Sub-Project: Near-Infrared real-time Monitoring of the Collateral Network (real-time cnNIRS)
No non-invasive real-time method for monitoring spinal cord tissue perfusion and oxygenation is clinically available (Etz et al. 2013). The use of near-infrared spectroscopy of the paraspinous collateral network (cnNIRS) as an indirect non-invasive method for real-time monitoring during and after extensive aortic aneurysm repair has recently been validated in large animal experiments (von Aspern et al. 2016) and found feasible in small clinical studies (Etz et al. 2013, Luehr et al. 2016). Clinical experience with this method is not available. Our group recently published extensive award-winning experimental data (cnNIRS validation with Laserdoppler-flow) on this modality suggesting that clinical use is both feasible and important.
By using cnNIRS as a non-invasive real-time monitoring modality during and after MISACE, open and endovascular thoracoabdominal aortic aneurysm repair, we aim to evaluate its sensitivity and specifity on a large homogenous cohort in order to detect signs of pending spinal cord ischemia as early as possible during and after these procedures as an adjunct to close clinical examination.
Sub-project: Identification of clinically relevant spinal cord ischaemia (SCI) markers in cerebrospinal fluid (CSF) and development of an easily applicable bed-side test
Organ ischaemia is usually detected in the clinical setting by biomarkers from blood samples such as enzymes or structural proteins, which can be used to confirm diagnoses such as heart attacks. Characteristic enzyme serum levels and established clinical tests are available for most organs and are used for postoperative ischaemia monitoring on a routine basis— except for the spinal cord.
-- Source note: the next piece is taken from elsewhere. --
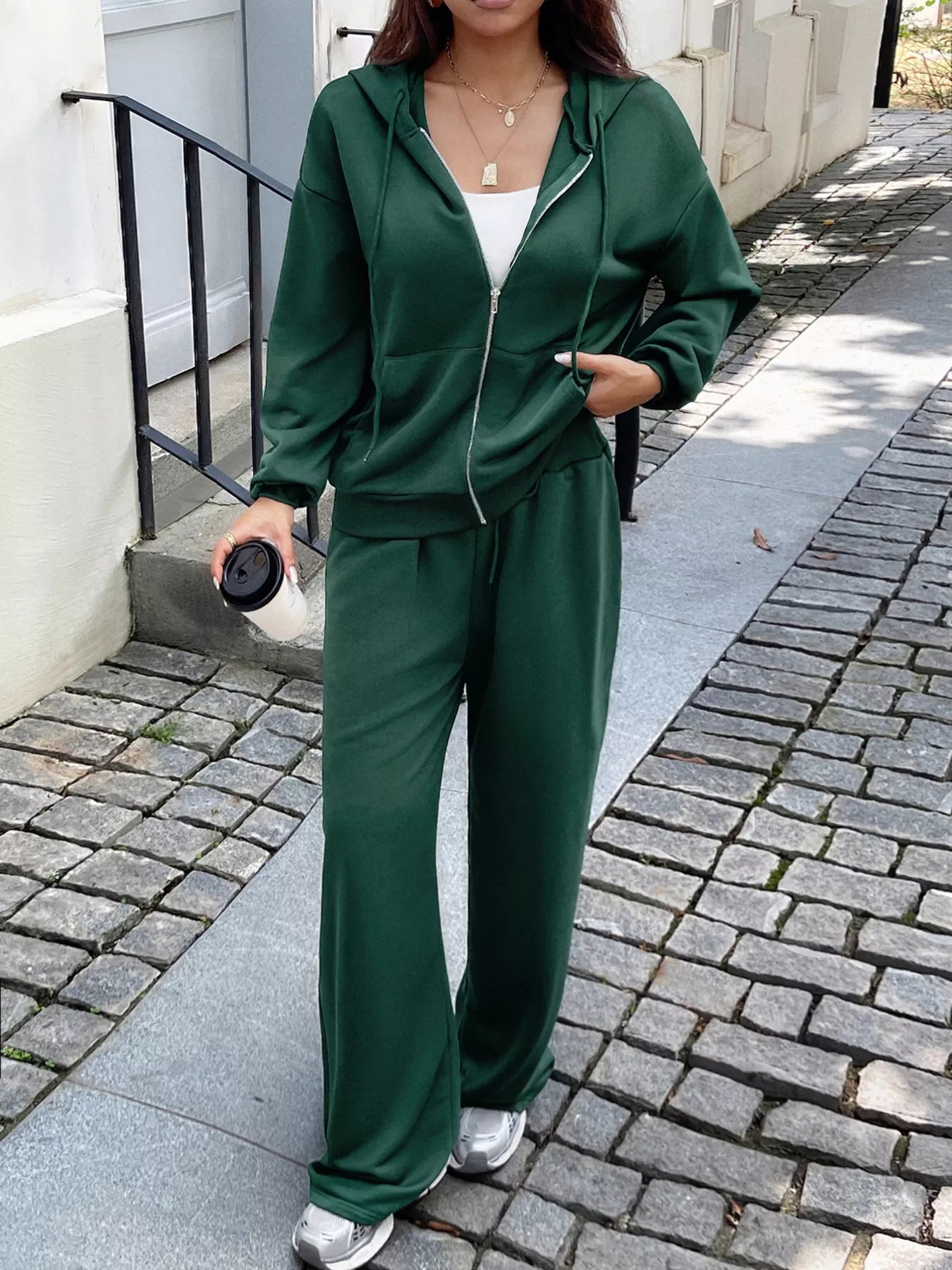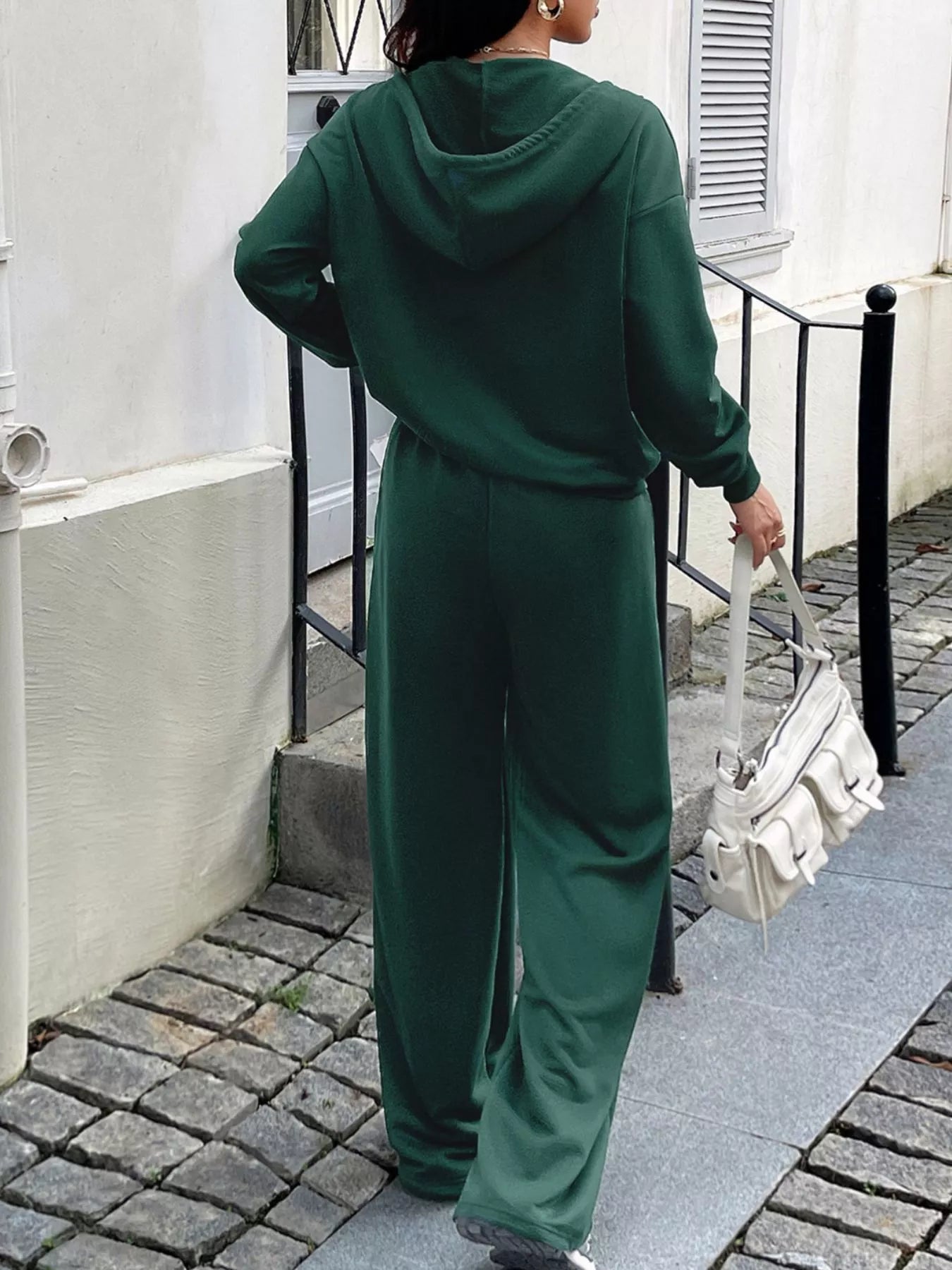 Casual Drawstring Zip Up Hoodie and Wide Leg Pants Set

This is particularly inauspicious since spinal cord ischaemia (SCI) often times occurs with a delay, i.e. in the early postoperative period after TAAA repair. (Etz et al. 2008a) Biomarkers for the real-time detection of emerging SCI would potentially provide time to intervene (e.g. to elevate systemic blood pressure and/or blood oxygen saturation) and would be of great benefit in preventing devastating complications such as paraplegia, particularly in the early postoperative period after TAAA repair. Detection of SCI biomarkers has not yet been successfully established for the clinic because the levels of specific markers such as S100β, neuron-specific enolase, neurofilament light chain, and glial fibrillary acidic protein neuron specific enolases or heat shock proteins do not reach detectable serum levels and unspecific ischemia markers (e.g. lactate) succumb to excessive dilution. Even though elevated concentrations of neurochemical serum biomarkers have been identified in patients with SCI, these do not provide a sensitive prognostic tool. (Pouw et al. 2009).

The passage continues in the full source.